== SUPPLIED MATERIAL ==

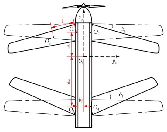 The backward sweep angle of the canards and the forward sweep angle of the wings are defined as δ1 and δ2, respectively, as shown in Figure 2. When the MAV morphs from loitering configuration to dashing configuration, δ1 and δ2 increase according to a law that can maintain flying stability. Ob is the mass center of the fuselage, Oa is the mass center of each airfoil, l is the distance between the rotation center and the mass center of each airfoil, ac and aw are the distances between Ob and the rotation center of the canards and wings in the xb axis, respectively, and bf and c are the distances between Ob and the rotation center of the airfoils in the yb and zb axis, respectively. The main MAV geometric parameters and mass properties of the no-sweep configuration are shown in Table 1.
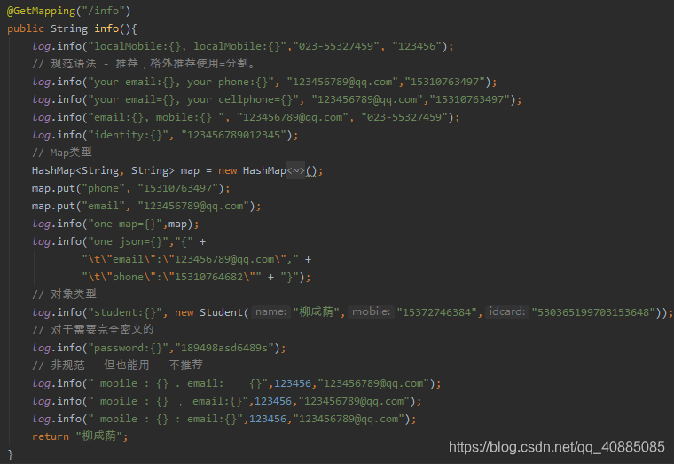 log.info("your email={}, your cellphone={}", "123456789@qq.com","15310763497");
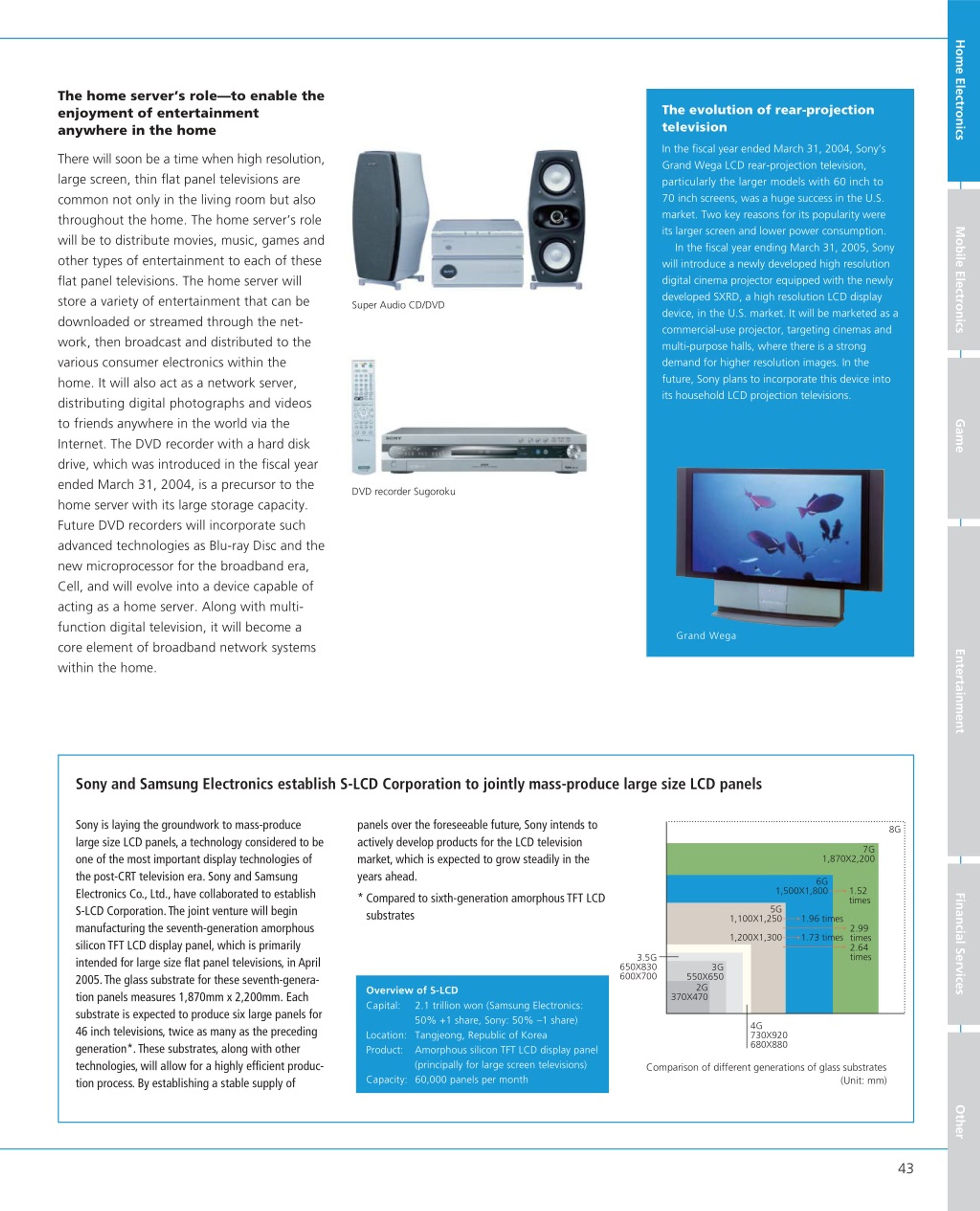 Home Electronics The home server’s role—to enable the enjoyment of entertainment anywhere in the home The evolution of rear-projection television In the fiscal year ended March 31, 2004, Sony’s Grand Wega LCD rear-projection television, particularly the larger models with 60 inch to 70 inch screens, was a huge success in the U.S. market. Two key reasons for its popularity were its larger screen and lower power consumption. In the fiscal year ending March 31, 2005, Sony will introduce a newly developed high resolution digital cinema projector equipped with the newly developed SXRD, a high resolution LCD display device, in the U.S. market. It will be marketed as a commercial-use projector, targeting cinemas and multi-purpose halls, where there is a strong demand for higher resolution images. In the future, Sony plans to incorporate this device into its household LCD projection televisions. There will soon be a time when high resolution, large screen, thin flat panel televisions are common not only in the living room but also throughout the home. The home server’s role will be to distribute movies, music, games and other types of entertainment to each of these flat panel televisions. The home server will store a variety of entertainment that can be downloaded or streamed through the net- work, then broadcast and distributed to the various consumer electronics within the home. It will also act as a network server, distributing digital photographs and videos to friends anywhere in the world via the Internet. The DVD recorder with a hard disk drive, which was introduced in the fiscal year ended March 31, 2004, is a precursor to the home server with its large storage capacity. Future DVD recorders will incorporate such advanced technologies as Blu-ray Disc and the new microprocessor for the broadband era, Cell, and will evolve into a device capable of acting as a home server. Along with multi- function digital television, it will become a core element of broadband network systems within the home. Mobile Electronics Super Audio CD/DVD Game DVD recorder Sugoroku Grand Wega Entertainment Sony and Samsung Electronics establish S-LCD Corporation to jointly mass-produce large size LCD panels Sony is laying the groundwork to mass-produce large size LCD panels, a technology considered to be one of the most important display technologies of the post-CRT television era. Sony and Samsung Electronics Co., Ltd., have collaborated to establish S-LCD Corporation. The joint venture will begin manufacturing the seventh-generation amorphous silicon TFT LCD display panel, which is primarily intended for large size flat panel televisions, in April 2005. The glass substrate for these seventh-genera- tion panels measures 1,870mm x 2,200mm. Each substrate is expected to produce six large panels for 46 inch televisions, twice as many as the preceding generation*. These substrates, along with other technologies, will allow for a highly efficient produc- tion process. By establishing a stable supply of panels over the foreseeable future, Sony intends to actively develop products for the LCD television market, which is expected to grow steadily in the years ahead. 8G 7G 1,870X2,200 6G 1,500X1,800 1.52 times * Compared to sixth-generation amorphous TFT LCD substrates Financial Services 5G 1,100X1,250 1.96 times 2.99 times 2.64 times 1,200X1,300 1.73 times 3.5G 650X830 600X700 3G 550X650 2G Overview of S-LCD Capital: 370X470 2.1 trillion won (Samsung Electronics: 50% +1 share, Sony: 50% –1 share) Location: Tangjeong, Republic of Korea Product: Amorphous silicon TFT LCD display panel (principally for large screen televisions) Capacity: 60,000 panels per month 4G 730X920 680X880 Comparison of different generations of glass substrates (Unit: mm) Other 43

===

◆ PROBLEM TO WORK ON
Set the listing down verbatim, excluding pictures.

◆ WRITTEN RESPONSE
 The backward sweep angle of the canards and the forward sweep angle of the wings are defined as δ1 and δ2, respectively, as shown in Figure 2. When the MAV morphs from loitering configuration to dashing configuration, δ1 and δ2 increase according to a law that can maintain flying stability. Ob is the mass center of the fuselage, Oa is the mass center of each airfoil, l is the distance between the rotation center and the mass center of each airfoil, ac and aw are the distances between Ob and the rotation center of the canards and wings in the xb axis, respectively, and bf and c are the distances between Ob and the rotation center of the airfoils in the yb and zb axis, respectively. The main MAV geometric parameters and mass properties of the no-sweep configuration are shown in Table 1.
 log.info("your email={}, your cellphone={}", "123456789@qq.com","15310763497");
 Home Electronics The home server’s role—to enable the enjoyment of entertainment anywhere in the home The evolution of rear-projection television In the fiscal year ended March 31, 2004, Sony’s Grand Wega LCD rear-projection television, particularly the larger models with 60 inch to 70 inch screens, was a huge success in the U.S. market. Two key reasons for its popularity were its larger screen and lower power consumption. In the fiscal year ending March 31, 2005, Sony will introduce a newly developed high resolution digital cinema projector equipped with the newly developed SXRD, a high resolution LCD display device, in the U.S. market. It will be marketed as a commercial-use projector, targeting cinemas and multi-purpose halls, where there is a strong demand for higher resolution images. In the future, Sony plans to incorporate this device into its household LCD projection televisions. There will soon be a time when high resolution, large screen, thin flat panel televisions are common not only in the living room but also throughout the home. The home server’s role will be to distribute movies, music, games and other types of entertainment to each of these flat panel televisions. The home server will store a variety of entertainment that can be downloaded or streamed through the net- work, then broadcast and distributed to the various consumer electronics within the home. It will also act as a network server, distributing digital photographs and videos to friends anywhere in the world via the Internet. The DVD recorder with a hard disk drive, which was introduced in the fiscal year ended March 31, 2004, is a precursor to the home server with its large storage capacity. Future DVD recorders will incorporate such advanced technologies as Blu-ray Disc and the new microprocessor for the broadband era, Cell, and will evolve into a device capable of acting as a home server. Along with multi- function digital television, it will become a core element of broadband network systems within the home. Mobile Electronics Super Audio CD/DVD Game DVD recorder Sugoroku Grand Wega Entertainment Sony and Samsung Electronics establish S-LCD Corporation to jointly mass-produce large size LCD panels Sony is laying the groundwork to mass-produce large size LCD panels, a technology considered to be one of the most important display technologies of the post-CRT television era. Sony and Samsung Electronics Co., Ltd., have collaborated to establish S-LCD Corporation. The joint venture will begin manufacturing the seventh-generation amorphous silicon TFT LCD display panel, which is primarily intended for large size flat panel televisions, in April 2005. The glass substrate for these seventh-genera- tion panels measures 1,870mm x 2,200mm. Each substrate is expected to produce six large panels for 46 inch televisions, twice as many as the preceding generation*. These substrates, along with other technologies, will allow for a highly efficient produc- tion process. By establishing a stable supply of panels over the foreseeable future, Sony intends to actively develop products for the LCD television market, which is expected to grow steadily in the years ahead. 8G 7G 1,870X2,200 6G 1,500X1,800 1.52 times * Compared to sixth-generation amorphous TFT LCD substrates Financial Services 5G 1,100X1,250 1.96 times 2.99 times 2.64 times 1,200X1,300 1.73 times 3.5G 650X830 600X700 3G 550X650 2G Overview of S-LCD Capital: 370X470 2.1 trillion won (Samsung Electronics: 50% +1 share, Sony: 50% –1 share) Location: Tangjeong, Republic of Korea Product: Amorphous silicon TFT LCD display panel (principally for large screen televisions) Capacity: 60,000 panels per month 4G 730X920 680X880 Comparison of different generations of glass substrates (Unit: mm) Other 43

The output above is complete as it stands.